The developer wrote no rules about iris species. The model learned the boundaries from the training data.

When to use ML vs classical

ML is the right tool when:

  • The rules are complex, change over time, or are hard to articulate (spam, image recognition, machine translation).
  • Labelled data is available in volume.
  • An approximate answer is acceptable (predictions are probabilistic, not exact).

Classical programming is the right tool when:

  • The rules are well-understood and stable (calculating GST, sorting a list, parsing JSON).
  • Errors are unacceptable (banking transactions, control systems).
  • The dataset is small or unavailable.

ML is a tool, not a default. Most software is still classical because the rules are clear and exact answers are required.

The training/test split

You never evaluate a model on data it has already seen. Standard practice:

  • 60-80 percent of the data is the training set.
  • 10-20 percent is the validation set, used during development to tune hyperparameters.
  • 10-20 percent is the test set, used once at the end to estimate real-world performance.

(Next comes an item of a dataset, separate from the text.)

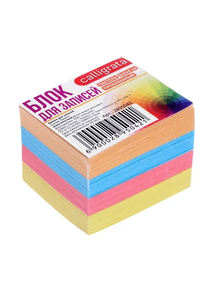 Цветной блок бумаги для записей Calligrata отличается своей универсальностью и надежностью. Идеален для офиса и дома. Компактные размеры 60 х 50 мм позволяют легко разместить его на рабочем столе. Бумага плотностью 80 г/м² обеспечивает комфортное письмо и работы с документами. Проклеенный блок означает, что листы легко отрываются и не теряются. Цветовая гамма в пастельных тонах делает записи более выразительными.

If the test accuracy is much lower than training accuracy, the model is overfitting - it memorised the training data instead of learning patterns that generalise.

Past exam questions, worked

Real questions from past NESA papers on this dot point, with our answer explainer.

2024 HSC4 marksDistinguish between classical programming and machine learning. Use the example of classifying email as spam or not spam.
Show worked answer →

In classical programming the developer writes the rules. To classify spam, the developer might write code like: "if the subject contains 'viagra' OR the sender is on a blacklist OR there are too many exclamation marks, mark as spam". The program takes rules and data and produces answers.

In machine learning the developer provides examples and lets the algorithm find the rules. The developer collects thousands of labelled emails ("spam" or "not spam") - the training data. An algorithm (logistic regression, a naive Bayes classifier, a neural network) analyses the features (words in the subject, sender, capitalisation, links, attachments) and learns weights that best separate spam from non-spam. The program takes data and answers and produces a model that can predict new examples.

Spam classification works better with ML because:

  • Spammers change tactics constantly. Hand-written rules go stale; ML retrained on recent data adapts.
  • Many subtle signals (combinations of features) matter together. ML captures interactions classical rules miss.
  • Labelling is cheap (users click "this is spam") and large datasets are available.

Markers reward the explicit contrast (classical: rules + data leads to answers; ML: data + answers leads to model), the spam-specific application, and at least one reason ML is preferred for this problem.